Pictures stay out of the copy. Retype exactly the lines below from the one with "Еще один русский" through the one with "החגיגה עצמה הייתה".

INFORMATION
──────────
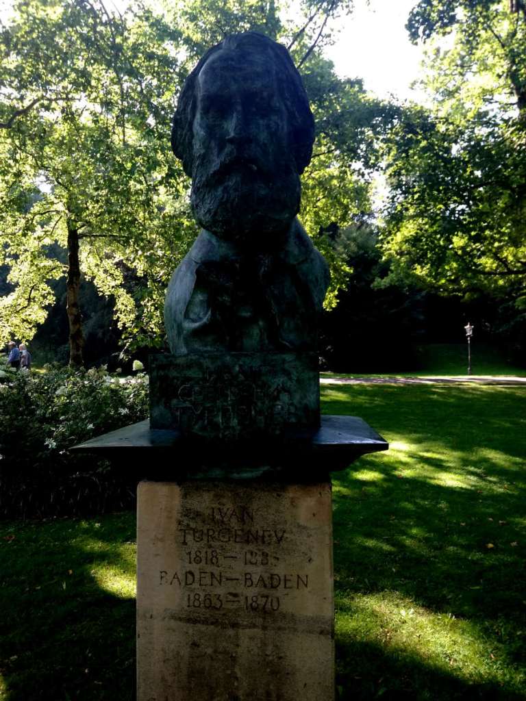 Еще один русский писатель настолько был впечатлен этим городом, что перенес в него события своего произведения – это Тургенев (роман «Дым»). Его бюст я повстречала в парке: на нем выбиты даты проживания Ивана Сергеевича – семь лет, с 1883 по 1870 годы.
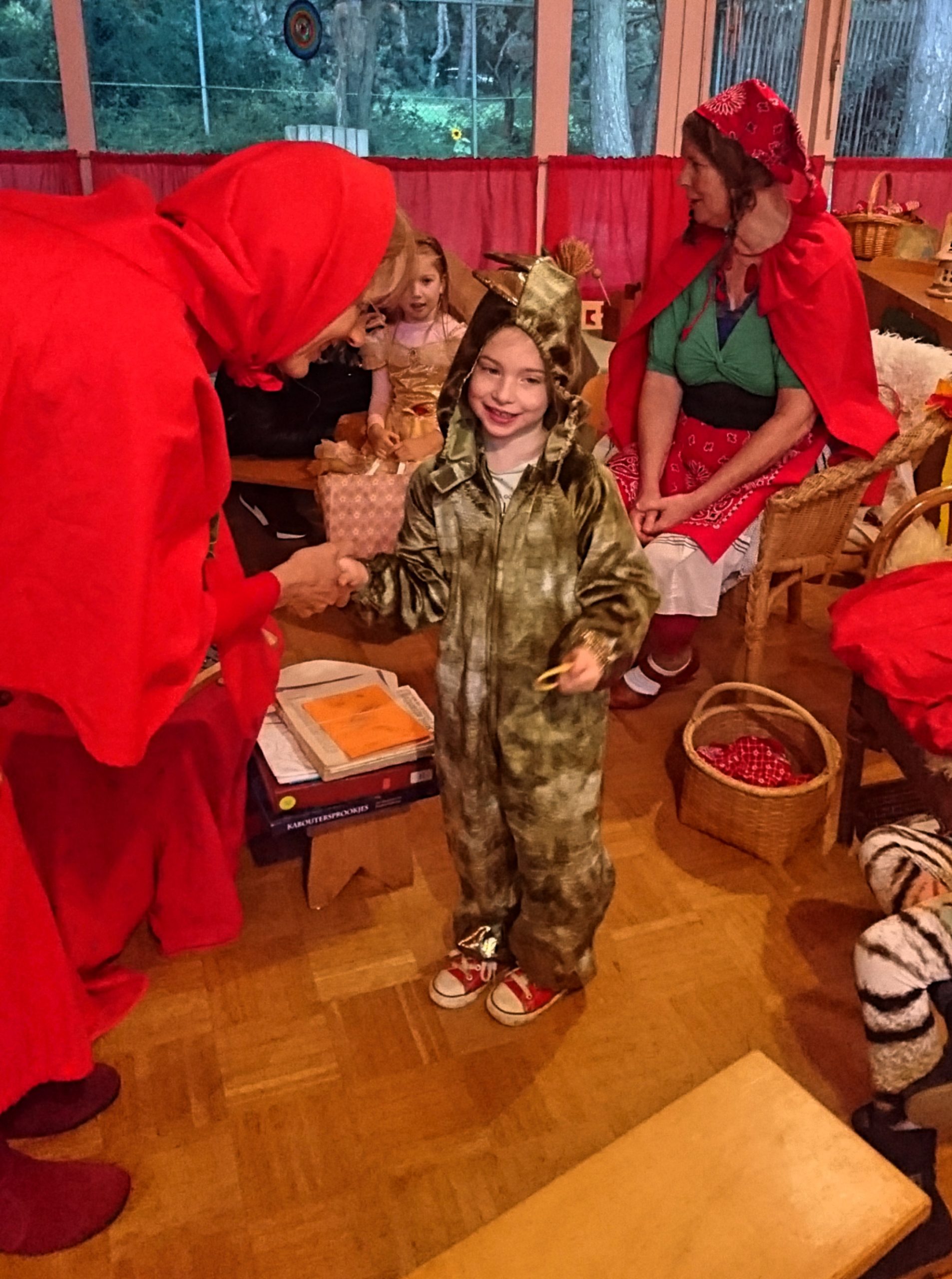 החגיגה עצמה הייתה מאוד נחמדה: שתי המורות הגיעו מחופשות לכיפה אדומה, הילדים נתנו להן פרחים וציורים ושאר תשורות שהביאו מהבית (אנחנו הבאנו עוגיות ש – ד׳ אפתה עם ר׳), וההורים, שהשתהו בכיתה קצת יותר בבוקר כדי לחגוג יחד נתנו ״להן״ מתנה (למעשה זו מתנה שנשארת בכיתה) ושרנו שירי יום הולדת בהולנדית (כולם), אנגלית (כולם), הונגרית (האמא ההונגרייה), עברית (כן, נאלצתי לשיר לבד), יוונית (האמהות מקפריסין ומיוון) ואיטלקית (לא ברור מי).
──────────
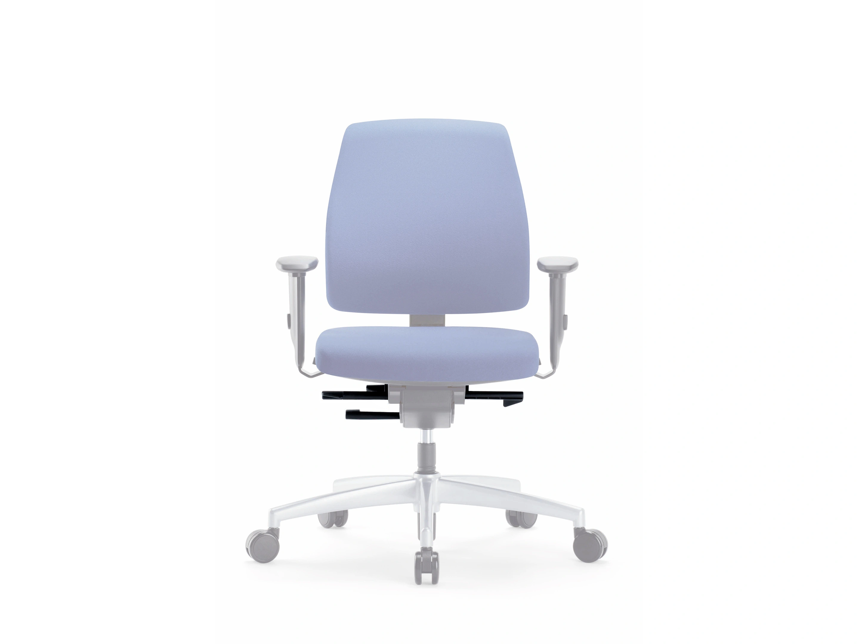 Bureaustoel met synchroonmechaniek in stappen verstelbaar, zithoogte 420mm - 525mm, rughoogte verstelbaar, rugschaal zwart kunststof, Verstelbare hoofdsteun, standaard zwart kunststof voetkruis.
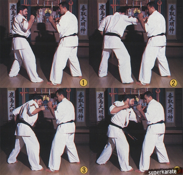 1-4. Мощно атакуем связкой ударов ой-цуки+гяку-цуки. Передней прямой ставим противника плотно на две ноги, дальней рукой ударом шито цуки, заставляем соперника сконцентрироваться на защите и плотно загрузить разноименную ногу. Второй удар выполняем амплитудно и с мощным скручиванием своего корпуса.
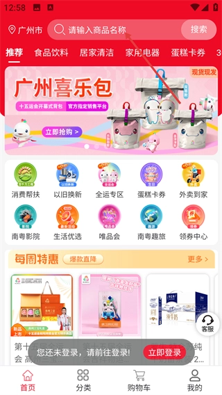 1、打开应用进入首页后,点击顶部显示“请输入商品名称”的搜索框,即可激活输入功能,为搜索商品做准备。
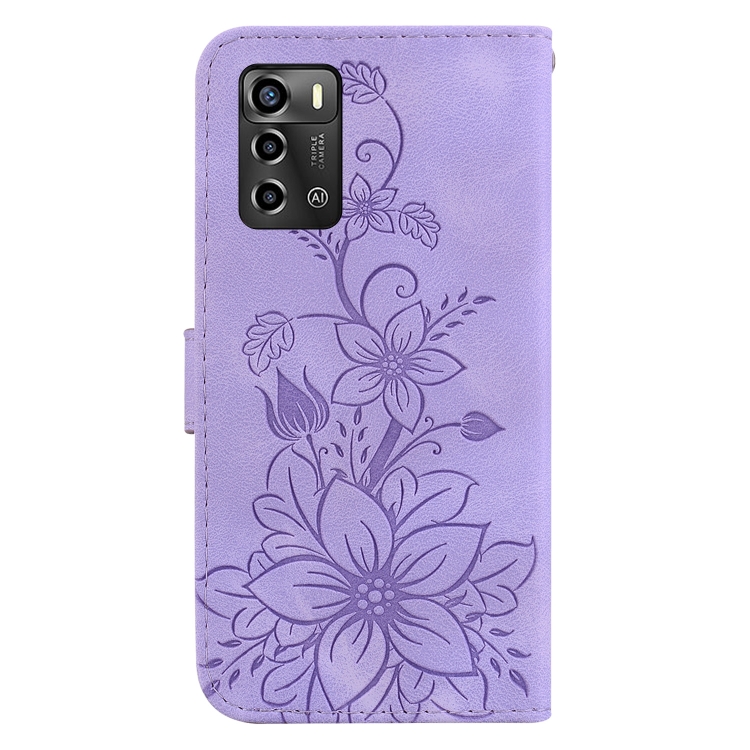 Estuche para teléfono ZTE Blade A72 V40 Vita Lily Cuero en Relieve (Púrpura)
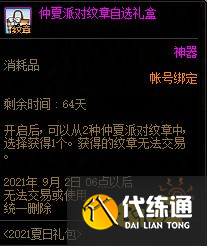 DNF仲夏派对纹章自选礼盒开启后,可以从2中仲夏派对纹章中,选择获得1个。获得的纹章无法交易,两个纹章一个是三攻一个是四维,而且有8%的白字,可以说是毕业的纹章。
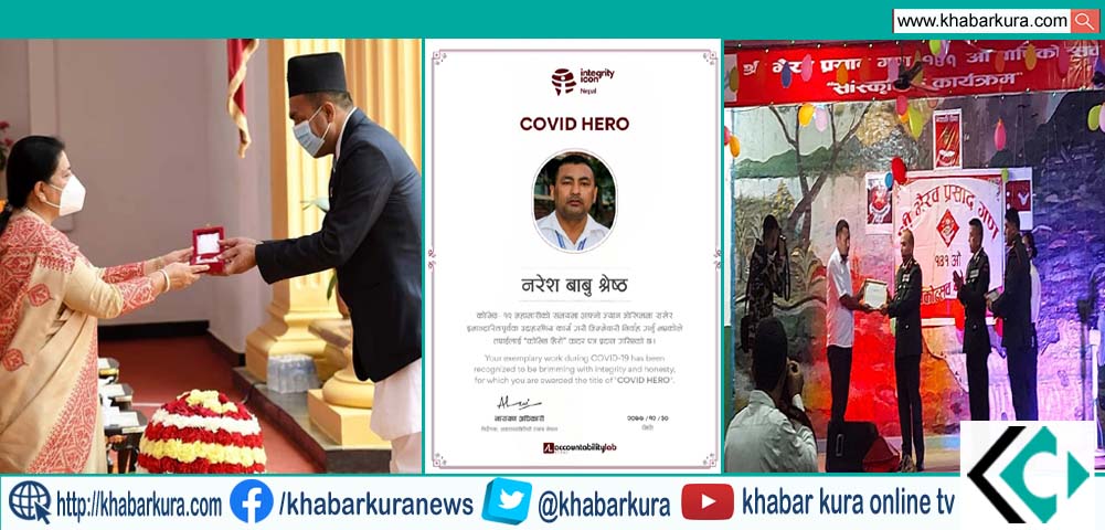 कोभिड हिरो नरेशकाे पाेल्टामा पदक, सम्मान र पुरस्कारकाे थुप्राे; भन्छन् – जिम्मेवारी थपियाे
──────────
RESPONSE TO THIS EXERCISE
 Еще один русский писатель настолько был впечатлен этим городом, что перенес в него события своего произведения – это Тургенев (роман «Дым»). Его бюст я повстречала в парке: на нем выбиты даты проживания Ивана Сергеевича – семь лет, с 1883 по 1870 годы.
 החגיגה עצמה הייתה מאוד נחמדה: שתי המורות הגיעו מחופשות לכיפה אדומה, הילדים נתנו להן פרחים וציורים ושאר תשורות שהביאו מהבית (אנחנו הבאנו עוגיות ש – ד׳ אפתה עם ר׳), וההורים, שהשתהו בכיתה קצת יותר בבוקר כדי לחגוג יחד נתנו ״להן״ מתנה (למעשה זו מתנה שנשארת בכיתה) ושרנו שירי יום הולדת בהולנדית (כולם), אנגלית (כולם), הונגרית (האמא ההונגרייה), עברית (כן, נאלצתי לשיר לבד), יוונית (האמהות מקפריסין ומיוון) ואיטלקית (לא ברור מי).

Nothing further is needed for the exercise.